Los entusiasmados jóvenes se reunían en la clásica fuente de sodas, el Park, ubicado en la esquina en donde hoy esta la torre del Issemym en la Alameda, para lucir sus autos último modelo y cruzar apuestas para jugar arrancones informales al más puro estilo de la película American Graffiti.

El circuito improvisado partía del Park hacia el poniente hasta la entonces cama de piedra, también conocido como Guelatao, rodeaban el monumento a los Niños Héroes para regresar en sentido inverso hacia la Alameda. El jefe Villa y sus muchachos sufrían para infraccionar a los conductores.

Ya para finalizar los sesentas, se empezaron a organizar los arrancones de cuarto de milla, en lo que antes se conocía como la avenida circunvalación hoy paseo Vicente Guerrero en el poniente de la ciudad, con la meta de salida a la altura de donde hoy se ubica la tradicional pastelería “el pollito”, para terminar en la meta de llegada en donde hoy se ubica el sanatorio Florencia.
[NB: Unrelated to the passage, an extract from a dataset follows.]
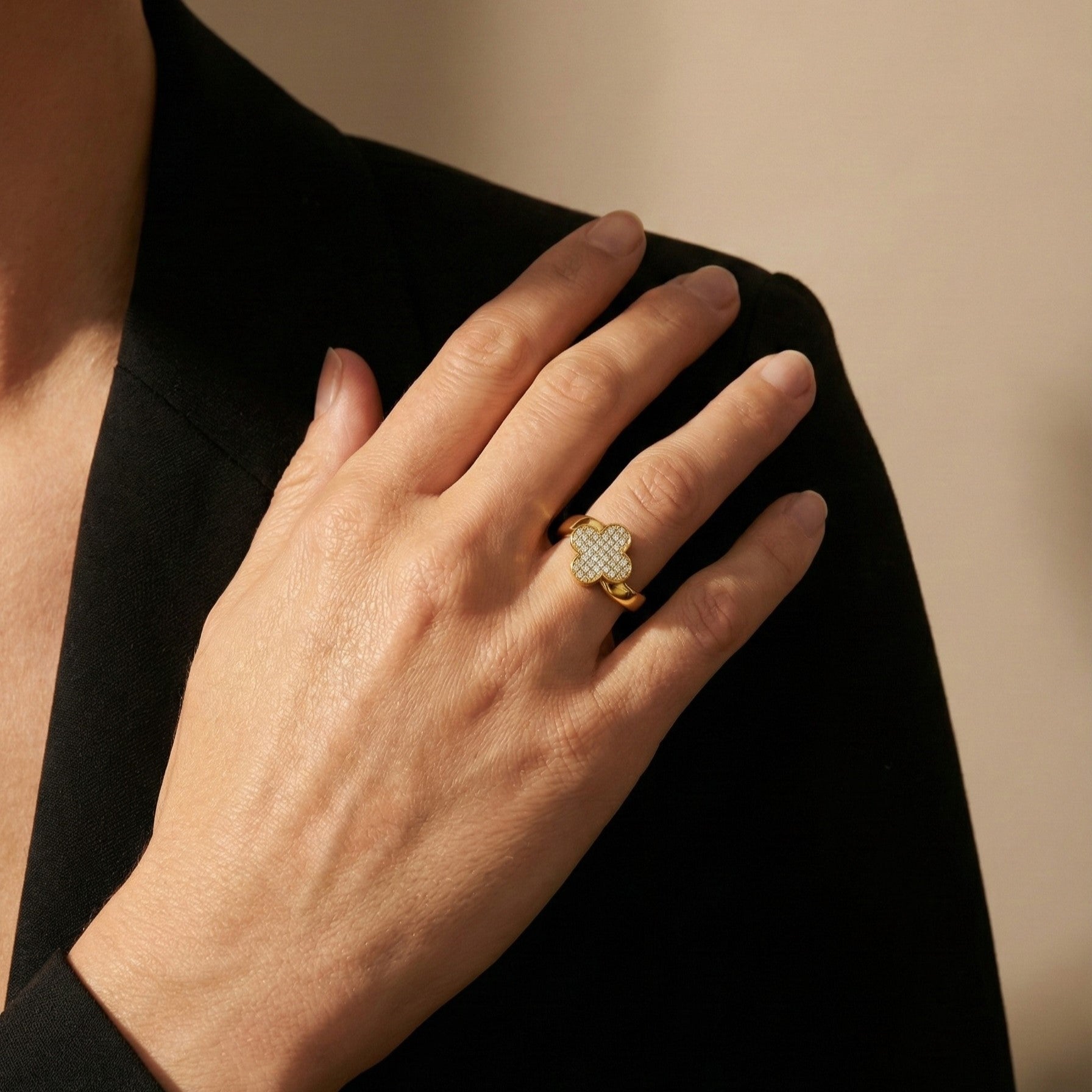 Set on a smooth, adjustable band, this ring is designed to be your everyday talisman. Whether worn alone as a delicate statement or stacked for extra sparkle, it adds a touch of meaningful luxury to any look.
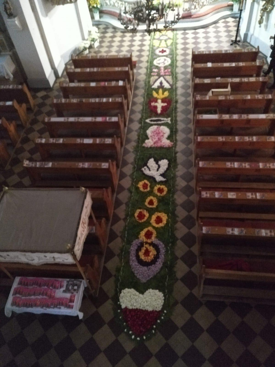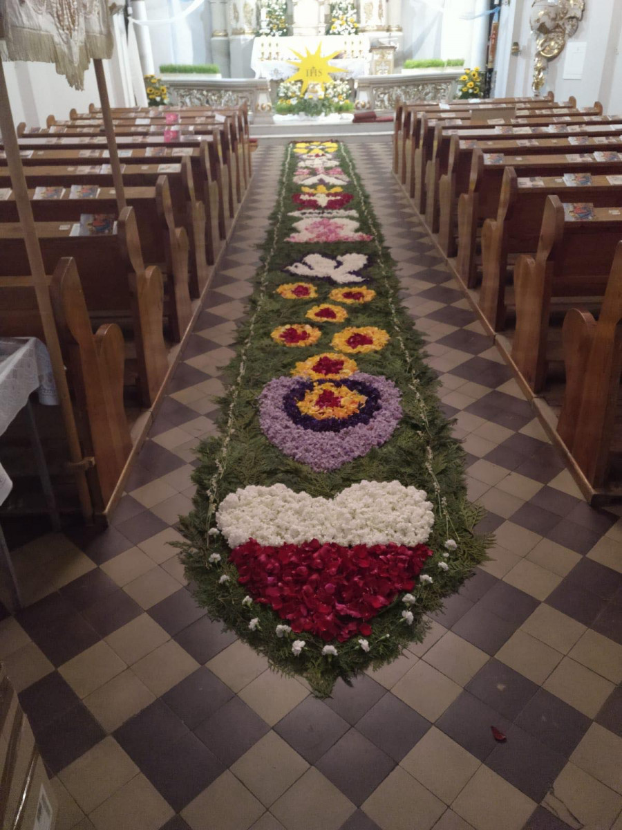 Kwiaty były zbierane jeszcze w tym tygodniu w sołectwach obejmujących nekielską parafię. Była to inicjatywa Marcina Olejniczaka. W układanie patriotyczno-religijnej kompozycji zaangażowała się grupa wolontariuszy. Wypełniła ona niemal całkowicie główne przejście w nawie głównej kościoła.

Por supuesto que el organizador era nuestro querido Pepe Acra, con otros toluqueños como el “bombón” López, el de las grúas; ahí llegaron a correr Pepe Acra jr. Y Pepe Manzur, en un pequeño bólido amarillo apodado tweety, preparado por el famoso y reconocido preparador de autos de competencia Pipo Villa.

 

Recuerdo muy bien que en aquellos tiempos circulaban por las calles choriceras, verdaderas joyas como el Barracuda y el Challenger de Roberto Salgado, los autos de Sergio López, de Diego Mendoza, de los Pons.

Años después, siguieron las competencias de Cuarto de Milla en lo que fuera el viejo aeropuerto en la aviación Autopan, en la zona industrial por los rumbos de la General Motors y más recientemente en el Centro de Convenciones de Toluca.

Mención especial merecen los coleccionistas de autos y sus restauradores, dentro de los primeros se encuentra Pepe Manzur, de los más reconocidos a nivel nacional. Joaquin Iglesias QEPD, Germán Sánchez y entre los restauradores, José Luis Heliodoro Sánchez.

En el Valle de Toluca, también hay varios clubes de automóviles, destacando el Club de Autos Antiguos y Clásicos de Toluca, A.C.

Vaya un aplauso para Luis Orduña. Francisco Arriaga Albarrán, Carlos Monroy, Eduardo Conzuelo y para todos los organizadores y patrocinadores de este evento.